Gottesdienst zur Verabschiedung von Gregson Erasmus

Klaus Rieth (ELK-WUE), Gregson Erasmus (MCSA) und Heike Bosien (DiMOE) (Foto: EMS/Schaal)

„Ein Segen für alle“
Gottesdienst zur Verabschiedung von Gregson Erasmus

 

Mit einem feierlichen Gottesdienst wurde Pfarrer Gregson Erasmus am 28. Juli aus seinem Dienst bei der Württembergischen Landeskirche entlassen. Nach drei Jahren als Ökumenischer Mitarbeiter beim Dienst für Mission, Ökumene und Entwicklung (DiMOE) in Stuttgart kehrt er nun mit seiner Familie nach Südafrika zurück. Dort wird er eine Stelle als Gemeindepfarrer in Kapstadt übernehmen.

Freunde*innen, Kolleg*innen und Weggefährt*innen hatten sich in der Evangelischen Hospitalkirche versammelt, um sich von Erasmus, seiner Frau und seinen beiden Kindern zu verabschieden. Durch den Gottesdienst führte Pfarrerin Heike Bosien, Geschäftsführerin des DiMOE. „Euer Wirken hier war ein Segen für alle“, sagte Riley Edwards-Raudonat, ehemaliger Afrika-Referent der EMS, der die Predigt hielt.

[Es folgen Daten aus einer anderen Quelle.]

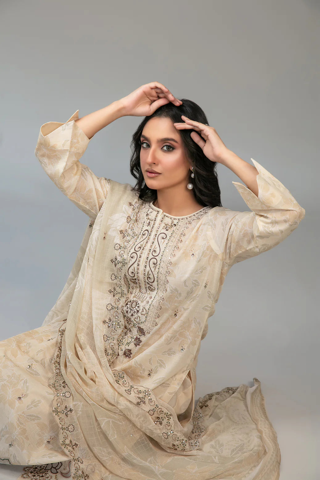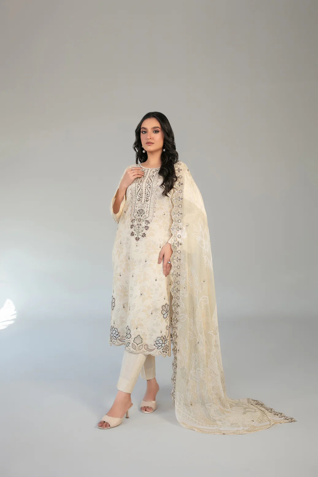 ✔️ Dupatta: Cutwork Embroidered Digital Printed Chiffon – Lightweight, Flowy
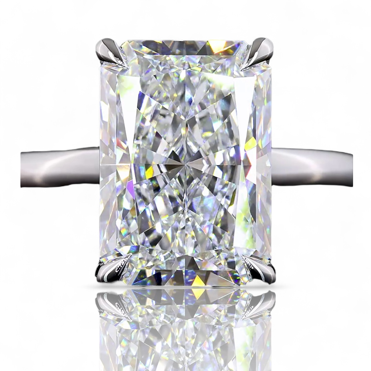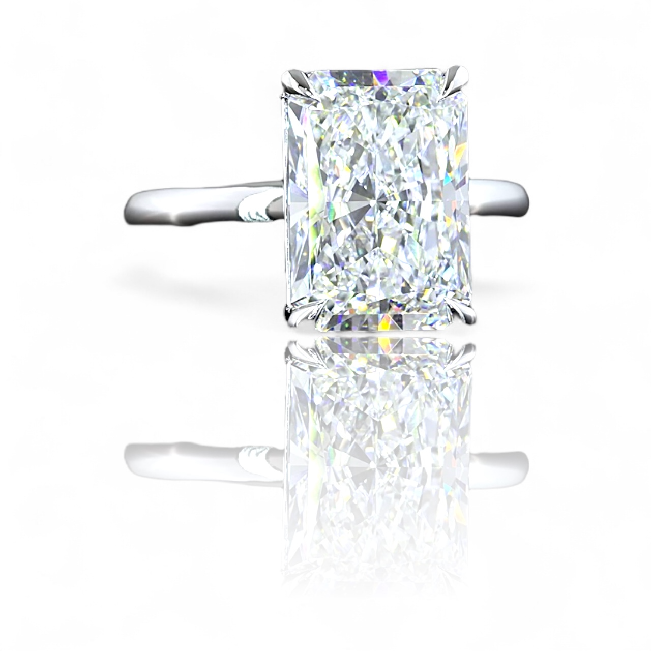 The Zephyr Ring offers a brilliant, dazzling presence, featuring a magnificent 5.08 Carat Radiant Cut Diamond...

Angesichts der Corona-Krise stehen auch die Kirchen vor großen Herausforderungen, betonte Klaus Rieth, Präsident der EMS, in seiner Ansprache. „Du hast uns in Deinen Erzählungen immer wieder deutlich gemacht, dass Kirche mehr ist, dass Kirche vom Evangelium lebt, und dass wir uns getrost darauf verlassen können, dass unsere Kirche erhalten wird.“

Gregson Erasmus ist in Südafrika geboren und hat dort evangelische Theologie studiert. Er ist ordinierter Pfarrer der Moravian Church in South Africa (MCSA), einer der beiden EMS-Mitgliedskirchen auf dem afrikanischen Kontinent. Erasmus kam 2017 als Ökumenischer Mitarbeiter nach Deutschland. Schwerpunkte seiner Arbeit beim DiMOE waren unter anderem die Themen Globalisierung, Afrika, Missionsgeschichte und Kirchliche Partnerschaften.